## Extracted data
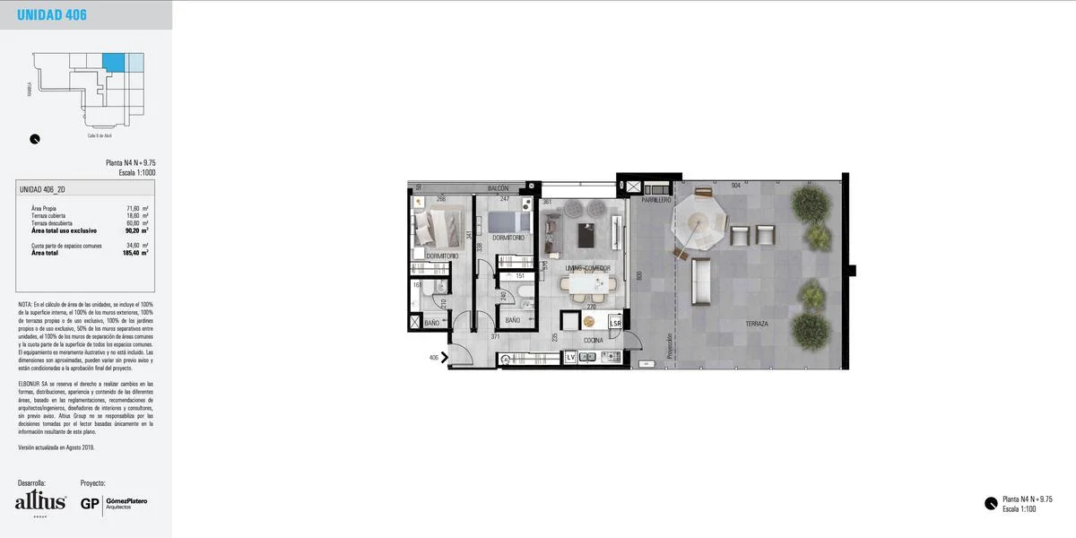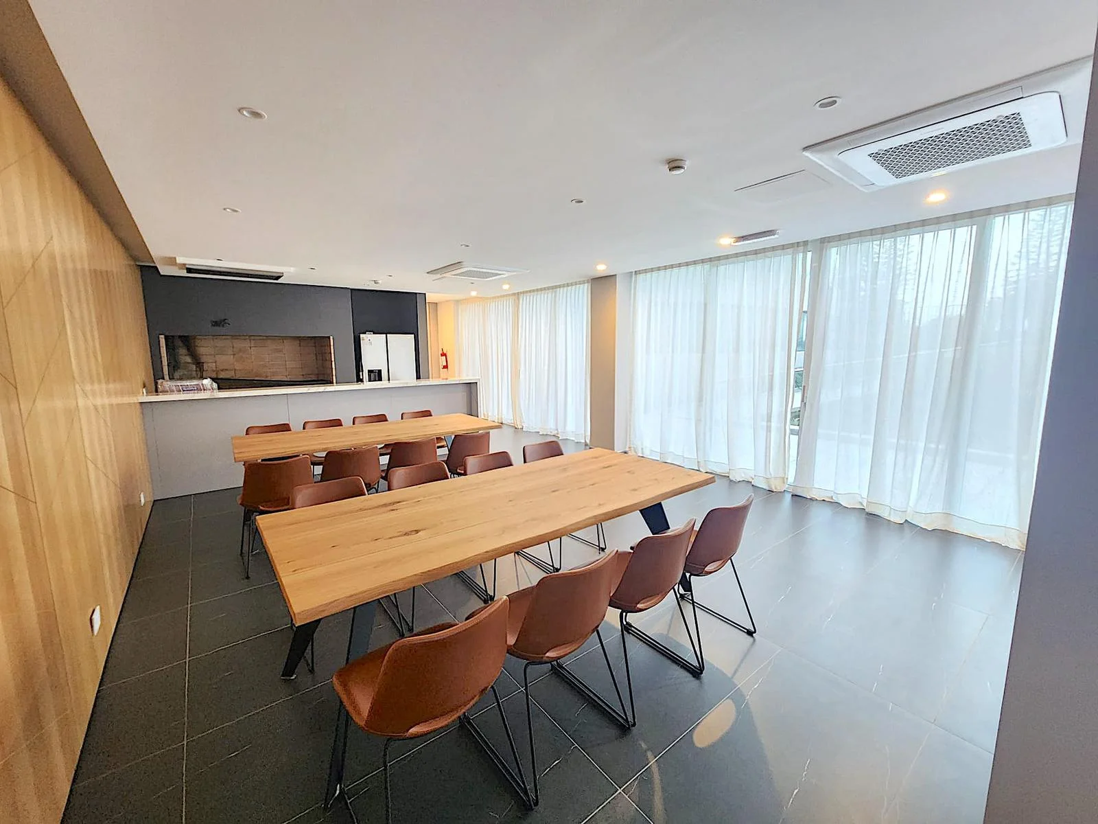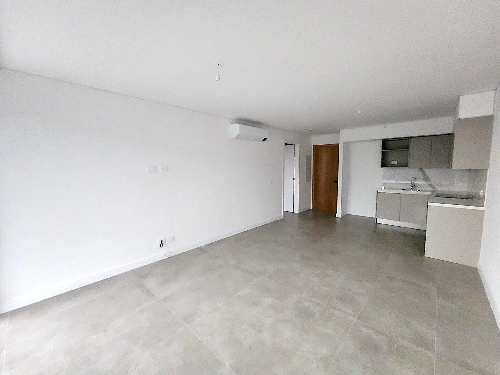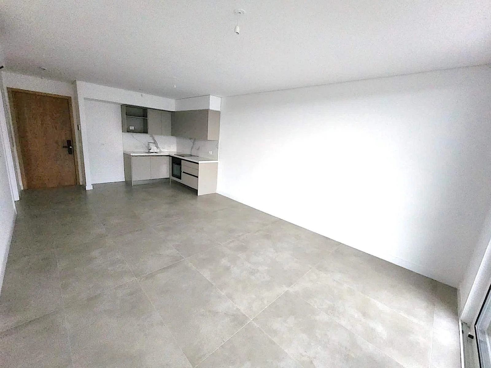 Living comedor con cocina integrada salida a terraza con parrillero.
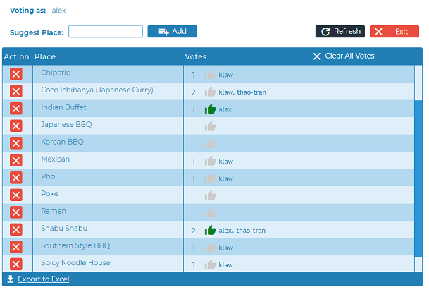 This app allows a team to decide where to go for lunch (or dinner) by using acceptance voting.
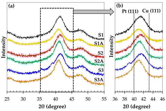 (a) X-ray diffraction patterns of the “as-prepared” S1, S2, S3 PtCux/C and de-alloyed S1A, S2A, S3A PtCux−y/C catalysts. (b) In the inset (on the right)—an enlarged fragment of the diffractogram area, highlighted by the dotted line in Figure (a).
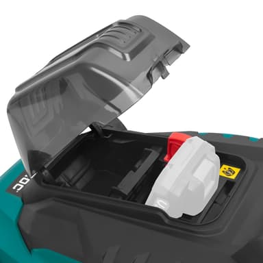 När du klippt klart kan du trimma kanterna med VONROC Grästrimmer (GT501DC). Samma batteri passar båda maskinerna, så du kan jobba vidare utan avbrott. Flera verktyg – ett batteri!
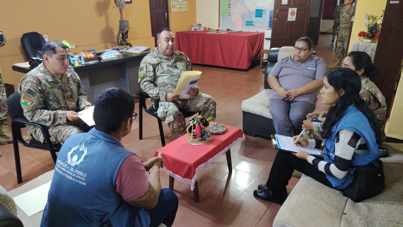 De manera inmediata, la Defensoría del Pueblo se reunió con los familiares de la víctima —quienes viajaron desde Potosí— para recabar su testimonio y ofrecer acompañamiento institucional. Posteriormente, la institución sostuvo una reunión con autoridades del Comando y el Inspector de la Tercera División del Ejército. Las autoridades castrenses informaron que están cubriendo los gastos de traslado, sepelio y alimentación de la familia, y que se inició un proceso sumariante para determinar con precisión lo ocurrido y habilitar los beneficios correspondientes. Además, confirmaron que el cuerpo fue velado y trasladado a Potosí, donde recibirá sepultura con honores militares.
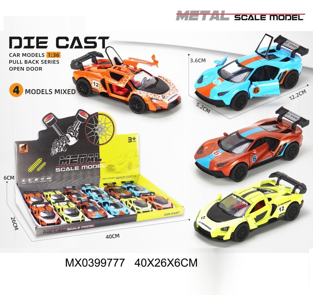 Kovový model auta ve 4 designech, kterému lze otevírat dveře. Funkce pull back - natáhni a jeď.
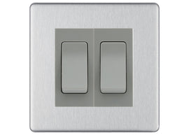 BG Screwless Brushed Steel 2-Gang Light Switch 1x 2-Way + 1x Intermediate – Grey Inserts
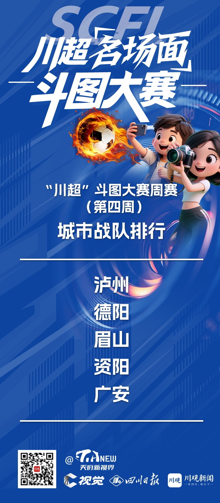 神图齐聚战川超,激情狂欢嗨不停!“川超”名场面斗图大赛(第四周)荣誉榜单如期揭晓。由四川日报·川观新闻、天府新视界发起的“‘川超’名场面斗图大赛”,自10月1日启动后点燃全川创作热潮,第四周周赛投票(10月27日—31日)正式收官,第四周作品排名与城市战队排名出炉,快来感受球迷的热爱与城市的荣光。
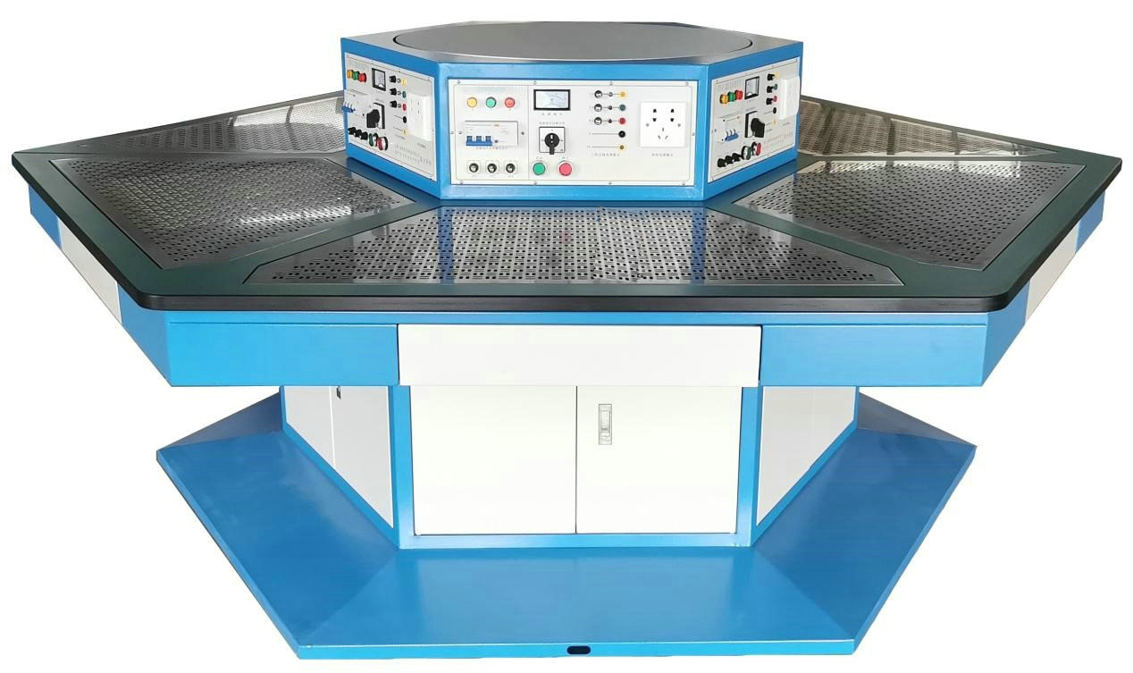 2、六邊形電源控制屏:電源控制屏采用六邊形結(jié)構(gòu),與工作臺相對應(yīng)??蚣懿捎脙?yōu)質(zhì)鞍鋼盒裝鋼板,經(jīng)過機(jī)械加工成型,外表面噴涂彩色環(huán)氧聚塑。六個作業(yè)面配置有實訓(xùn)電源及主機(jī)控制系統(tǒng),控制面板具有漏電保護(hù)、短路保護(hù)功能。電源控制屏頂面采用10mm厚的鋁框包邊,內(nèi)置有直徑為850mm的多角度公共操作平臺,公共操作平臺能360°旋轉(zhuǎn),能做120°定位,平臺頂板采用10mm厚的鋁板加工成型,能載重約60Kg的典型工作任務(wù)。

## Your assignment
Word for word, repeat the material above and drop the pictures.

## Response to this exercise
 Living comedor con cocina integrada salida a terraza con parrillero.
 This app allows a team to decide where to go for lunch (or dinner) by using acceptance voting.
 (a) X-ray diffraction patterns of the “as-prepared” S1, S2, S3 PtCux/C and de-alloyed S1A, S2A, S3A PtCux−y/C catalysts. (b) In the inset (on the right)—an enlarged fragment of the diffractogram area, highlighted by the dotted line in Figure (a).
 När du klippt klart kan du trimma kanterna med VONROC Grästrimmer (GT501DC). Samma batteri passar båda maskinerna, så du kan jobba vidare utan avbrott. Flera verktyg – ett batteri!
 De manera inmediata, la Defensoría del Pueblo se reunió con los familiares de la víctima —quienes viajaron desde Potosí— para recabar su testimonio y ofrecer acompañamiento institucional. Posteriormente, la institución sostuvo una reunión con autoridades del Comando y el Inspector de la Tercera División del Ejército. Las autoridades castrenses informaron que están cubriendo los gastos de traslado, sepelio y alimentación de la familia, y que se inició un proceso sumariante para determinar con precisión lo ocurrido y habilitar los beneficios correspondientes. Además, confirmaron que el cuerpo fue velado y trasladado a Potosí, donde recibirá sepultura con honores militares.
 Kovový model auta ve 4 designech, kterému lze otevírat dveře. Funkce pull back - natáhni a jeď.
 BG Screwless Brushed Steel 2-Gang Light Switch 1x 2-Way + 1x Intermediate – Grey Inserts
 神图齐聚战川超,激情狂欢嗨不停!“川超”名场面斗图大赛(第四周)荣誉榜单如期揭晓。由四川日报·川观新闻、天府新视界发起的“‘川超’名场面斗图大赛”,自10月1日启动后点燃全川创作热潮,第四周周赛投票(10月27日—31日)正式收官,第四周作品排名与城市战队排名出炉,快来感受球迷的热爱与城市的荣光。
 2、六邊形電源控制屏:電源控制屏采用六邊形結(jié)構(gòu),與工作臺相對應(yīng)??蚣懿捎脙?yōu)質(zhì)鞍鋼盒裝鋼板,經(jīng)過機(jī)械加工成型,外表面噴涂彩色環(huán)氧聚塑。六個作業(yè)面配置有實訓(xùn)電源及主機(jī)控制系統(tǒng),控制面板具有漏電保護(hù)、短路保護(hù)功能。電源控制屏頂面采用10mm厚的鋁框包邊,內(nèi)置有直徑為850mm的多角度公共操作平臺,公共操作平臺能360°旋轉(zhuǎn),能做120°定位,平臺頂板采用10mm厚的鋁板加工成型,能載重約60Kg的典型工作任務(wù)。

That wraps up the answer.